Terrified of success and failure alike, paralyzed by my own steely will and decades of incessant effort (the bane of true being, I now must admit), I recently realized two new things.
One: I far too readily tread water on the ocean floor of my soul. And two (as if that first were not well and thoroughly enough!): having long ago parted up my self for an auction that never gaveled in, I too readily now consider myself already marooned.
And all this from one who’s had the astonishingly lucky grace to meet, to know, to benefit from walking alongside a literal slew of other beings, fellow animals like me, making our way from first breath to last. Human animals: dear, kindhearted friends, acquaintances, even strangers and passersby. At every juncture in my life—no matter how actually grim—there has been at least one person alongside who cared that I was still alive. Often there have been many. People from all walks of life: people like me and people so different that we might as well’ve been raised on different moons orbiting planets not on speaking (or even hailing) terms. It didn’t matter. We connected. They reached out or I did or both, or we happened to stumble into one another somehow, and the next breath was made more doable.
And there are the animal animals, too: again, most dear, every last one: dogs and
deer and raccoons and squirrels and
and birds of every ilk and snakes (rattlers and rosy boas, red racers, moccasins)
and coyotes and desert tortoises and hedgehogs and ferrets and insects
(my treasured Monarchs and honeybees and the teensy ants I try so hard still not to step on and the yellow jackets that get me once every year or it’s not done yet): every last one a miracle too grand to imagine (even the geese who reliably hate me and try hard to prove it, a fact on which I count and to which I look forward most eagerly anymore).

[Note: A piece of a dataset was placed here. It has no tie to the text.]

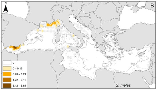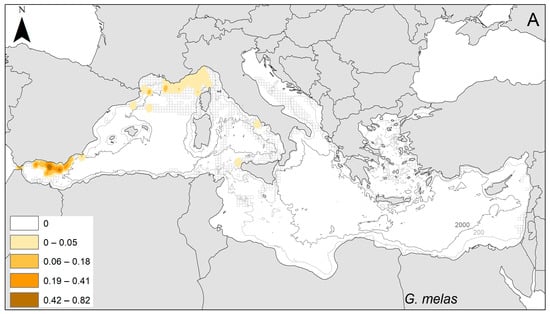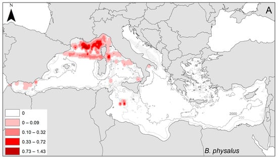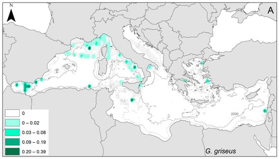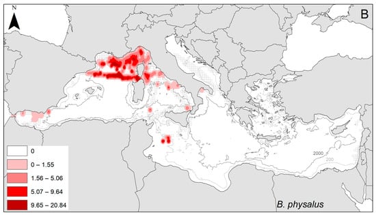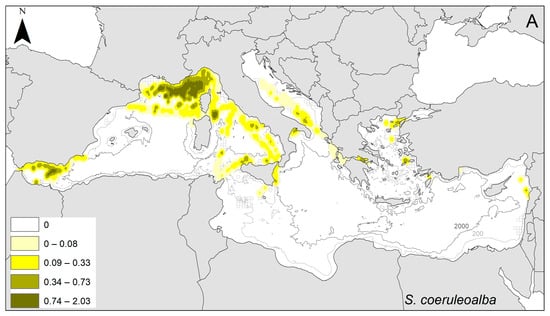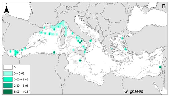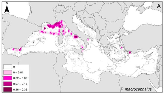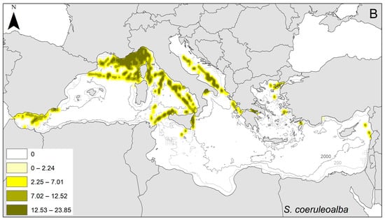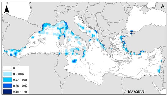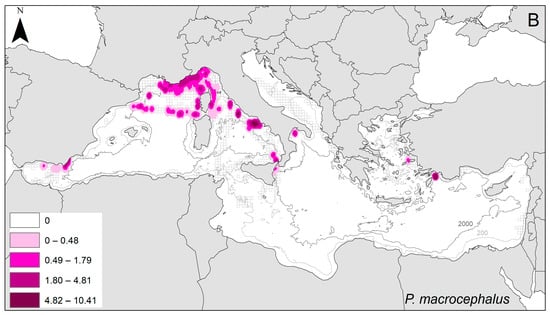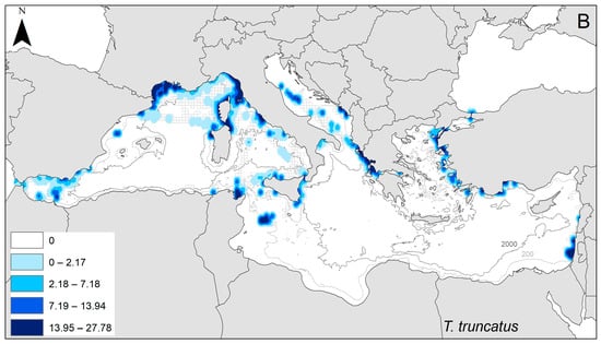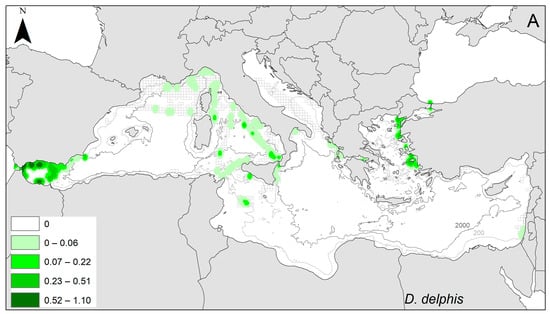 The diversity map, elaborated through the Shannon index (Figure 14B), is quite consistent with the map of the encounter rate, at least in the general pattern; the diversity index is at a maximum in the Alboran Sea and seems to decrease moving eastwards in the Mediterranean. At the same time, the diversity index shows the lowest values in the domain of the continental shelf, which is dominated by the bottlenose dolphin, except for the Alboran Sea and the Aegean Sea, where the distribution of the common dolphin partially overlaps the distribution of the bottlenose dolphin, in agreement with previous studies [,,,]. All of the other species seem to find their habitat outside the continental shelf, where the greatest bathymetric gradient allows them to find the most favourable ecological conditions, in terms of presence and abundance of prey too, again in agreement with previous findings [,,,,,].

And that’s just here in the states.
In Africa, it was wild dogs and hyenas and lions and warthogs and
secretary birds and elephants and giraffes and nyalas and elands and
snakes that made our statesiders look like cuddly chaps (mambas and puff adders and cobras).
And what about in the archives?
The giant tortoises, the leaping sharks, the whales, the single tiny mullet that rounded the Horn in a flask of the River Delaware’s water in which it hatched, the monkeys that broke down the ship’s orders for a spell, the wild horses being shot for meat and sport and leaving a hard-bitten captain to grieve that?

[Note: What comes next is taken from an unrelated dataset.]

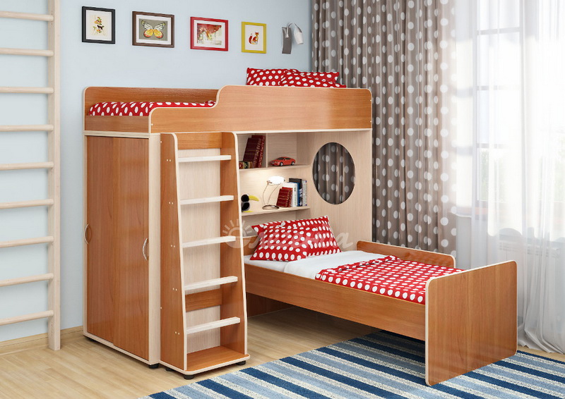 Под верхним спальным местом в игровой зоне располагается стеллаж,отлично подходящий для хранения игрушек.Стеллаж состоит из трех полок, разделенных на две секции – удобно для поддержания порядка и сортировки предметов.

And, then, too, what of all the beloved places and trees, the far lonely mountains and tiny village yard,
the lilacs and crabapples and dogwood and sweet gums and cacti, the turnips I hated but couldn’t outwit,
the violets and star flowers that patiently show up in my life every spring that rounds the bend?
What of the cacti, the rocks, the sand (every grain)?
Oh, what a well-populated, well-companioned life I have led! So what if, some days, I’m slogging along on the ocean floor of it all? So what if, feeling marooned, I am? That, too, is living, is it not? And why deny the ocean floor? For this is where we all must one day, most surely, come to rest. Marooned at last for eternity and then some.
~
All images and content in this post, as with all on this site are original, subject to copyright, all rights reserved. If you wish to share or post them, please do so with a link to the page on which you found them. Thanks in advance for your consideration. © Hannah Nyala West and pointlastseen.wordpress.com, 2009 — present. (Formal copyright notice on About page.)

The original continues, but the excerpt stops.